Héctor Luis Delgado Román is a former Puerto Rican rapper, singer and record producer, formerly known by the artistic names Héctor el Father and Héctor el Bambino. He rose to fame as a member of the duo Héctor & Tito (with Tito El Bambino) from 1996 to 2004, releasing four studio albums and a commercially successful live album.

As a solo artist, he was very successful in 2006 and 2007, selling more than 500,000 copies between his first studio album, The Bad Boy, and a compilation titled Los Rompe Discotekas, which was released under Roc-La-Familia. This American record label was founded in 2005 by rapper Jay-Z, focusing on Latin hip hop and reggaeton. As a producer, Delgado has worked with several reggaeton artists producers, as well as Emilio Estefan. He announced his retirement in 2008 in order to become a preacher but had a series of "Farewell Concerts" that went until May 2010. During his entire solo career, Héctor released four charting albums and seven charting singles, and has 400,000 certified units in the United States.

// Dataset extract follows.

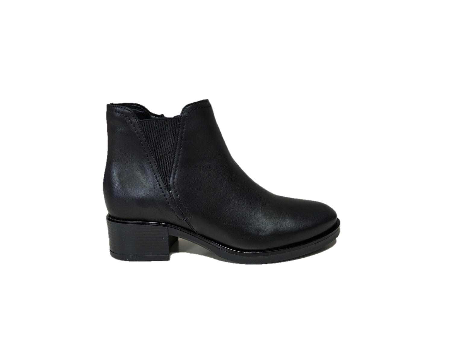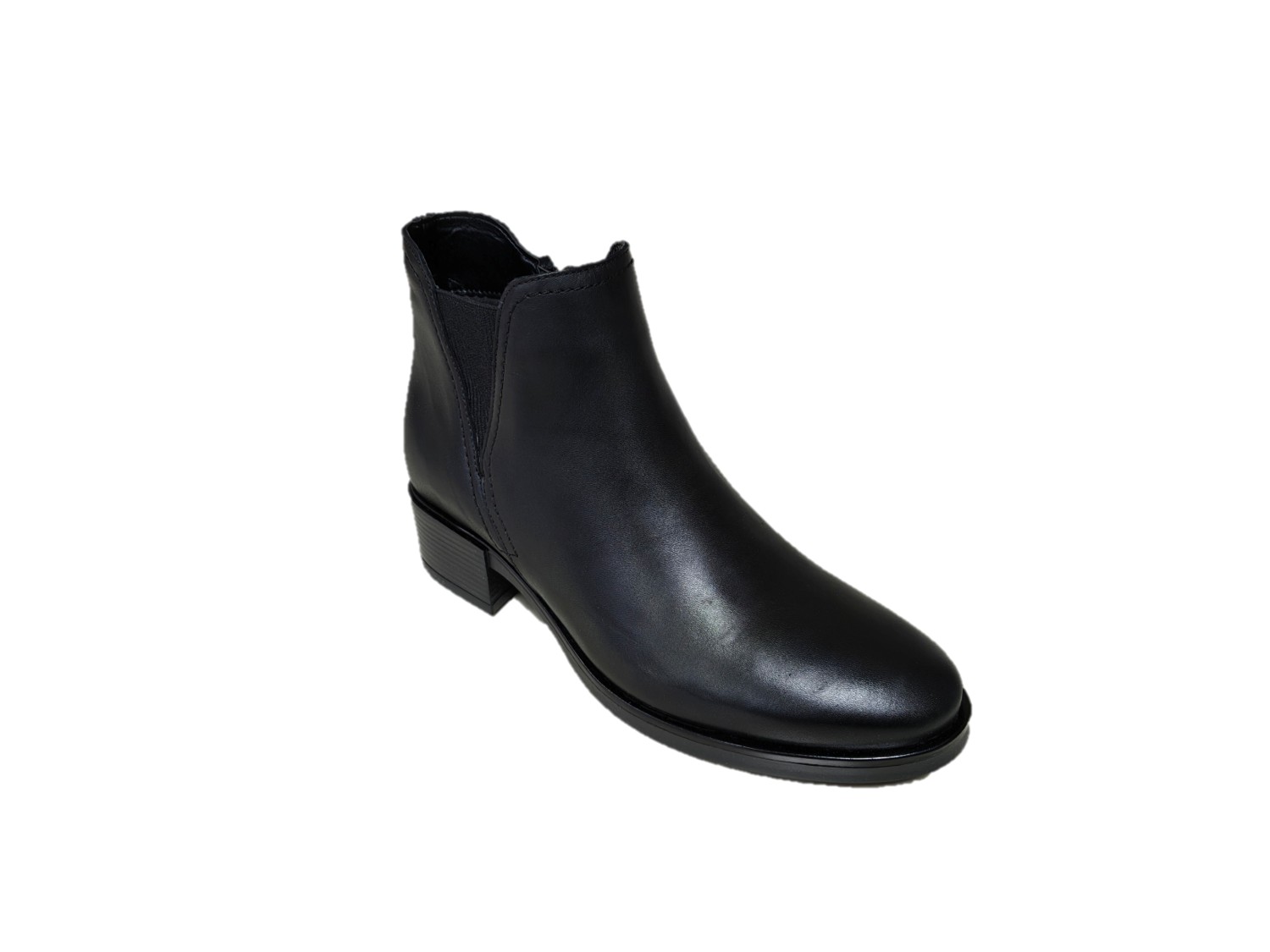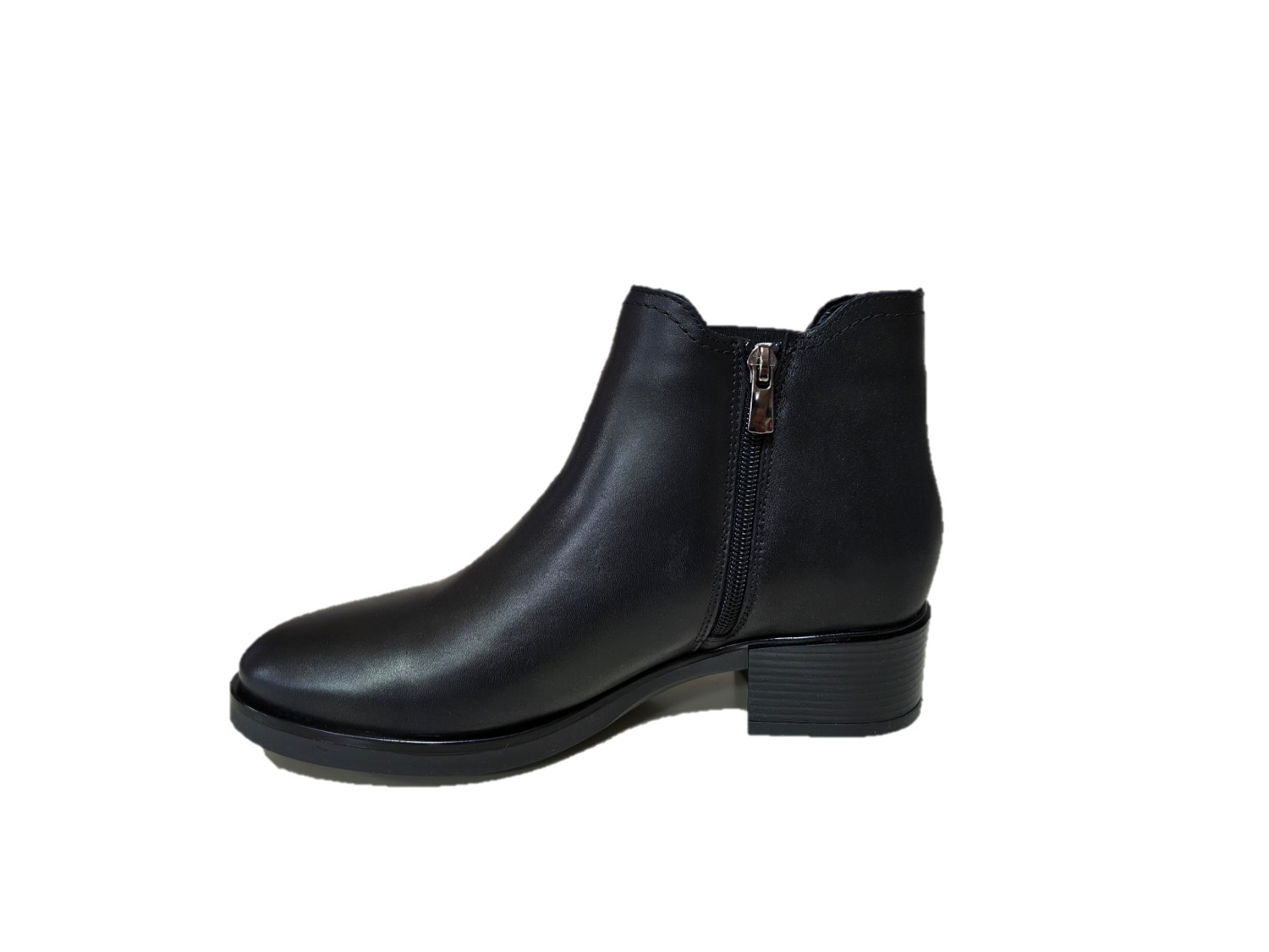 Stivaletti in pelle colore nero, tacco 4cm, suola in gomma, cerniera laterale.
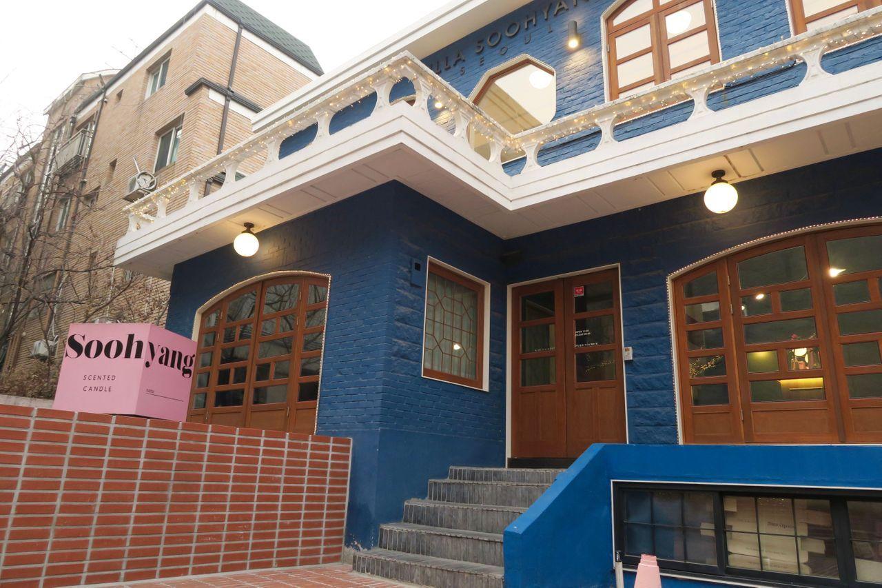 ——Villa SooHyang秀香Villa SooHyang秀香主要是販售蠟燭跟擴香瓶,而且它位於林蔭大道安靜的小巷中,是一個擁有非常美麗外觀的店家。現在就跟小編一起前往用藍色磚塊改造成的SooHyang秀香吧。

In 2008, Víctor Alexis Rivera Santiago, most known as Lele, claimed that Héctor owed him royalties for 40 songs written between 2003 and that year, and sued him. Both artists had issues between them, and Lele released a 12-minute-long diss track titled "O Me Pagas" with his duo companion Endo, claiming one million dollars for the songs he wrote for Delgado. They reconciled in 2010, and later that year Lele was shot to death 24 times in Trujillo Alto, Puerto Rico.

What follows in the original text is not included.